Héroes, desde luego, no tiene nada que ver con los bodrios que se
han hecho a partir de las muy libres adaptaciones cinematográficas
de los clásicos cómics de superhéroes, caso de la risible X-Men 3,
de la infumable Daredevil o del pestiño que nos endiñaron con
la de los 4 Fantásticos. Y es que, a ver si aprendemos o, al
menos, leemos con más atención los originales impresos (si los hay):
los buenos y lo malos no están en continentes psicológicos separados
por un ancho mar. Que en cada persona hay un poco de ambos. Que hay
que evitar las tipificaciones sin olvidarse del género en el que se
juega el partido. Bla, bla, bla. En Héroes sí que hay,
lamentablemente, aunque la despeina poco, mucha conversación y
discursito “Save the World”, pero se soporta, ya digo, por el bien
de las virtudes que atesora: la impecable realización, el buen hacer
del reparto (que hace creíble al personaje que interpreta, y esto
deberían tatuárselo al rojo y en la frente a muchos actores), la
rocambolesca trama, las secuencias de acción y los efectos
especiales, entre otras.
Presenciamos un cómic visual que corta, pega, engulle, plagia (es un
arte) y dispara a bocajarro con lo mejor, y alguna que otra
metedurita de gamba, cierto, de los cómics de mutantes.
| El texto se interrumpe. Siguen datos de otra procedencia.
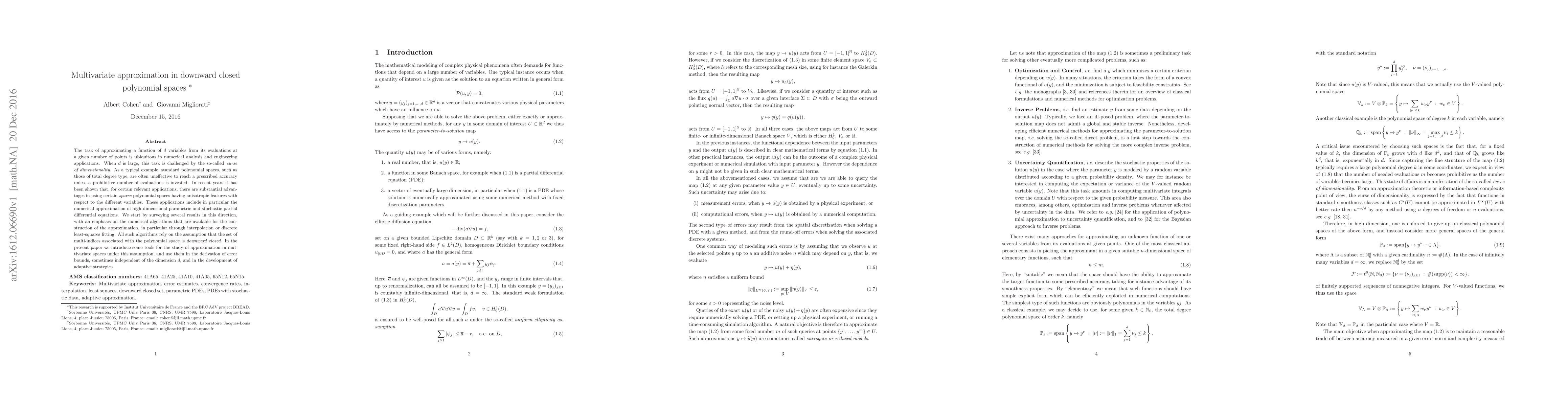 The task of approximating a function of d variables from its evaluations at a given number of points is ubiquitous in numerical analysis and engineering applications. When d is large, this task is challenged by the so-called curse of dimensionality. As a typical example, standard polynomial spaces, such as those of total degree type, are often uneffective to reach a prescribed accuracy unless a prohibitive number of evaluations is invested. In recent years it has been shown that, for certain relevant applications, there are substantial advantages in using certain sparse polynomial spaces having anisotropic features with respect to the different variables. These applications include in particular the numerical approximation of high-dimensional parametric and stochastic partial differential equations. We start by surveying several results in this direction, with an emphasis on the numerical algorithms that are available for the construction of the approximation, in particular through interpolation or discrete least-squares fitting. All such algorithms rely on the assumption that the set of multi-indices associated with the polynomial space is downward closed. In the present paper we introduce some tools for the study of approximation in multivariate spaces under this assumption, and use them in the derivation of error bounds, sometimes independent of the dimension d, and in the development of adaptive strategies.

Sí, la serie
engancha. Por el dibujante con poderes precognitivos, por la forzuda
buenorra y el despistado que descubre su inmenso poder de chamba. Ya
era hora de que una serie de mutantes no fuese una algarabía de
despropósitos y topicazos diseñada para pubertos mentales con escasa
capacidad crítica y hasta de raciocinio. Héroes, no superhéroes, el
matiz es importante. Y no todos son precisamente héroes, claro. Ni
todos los héroes tienen poderes. Larga vida a Sylar. Malo, malo…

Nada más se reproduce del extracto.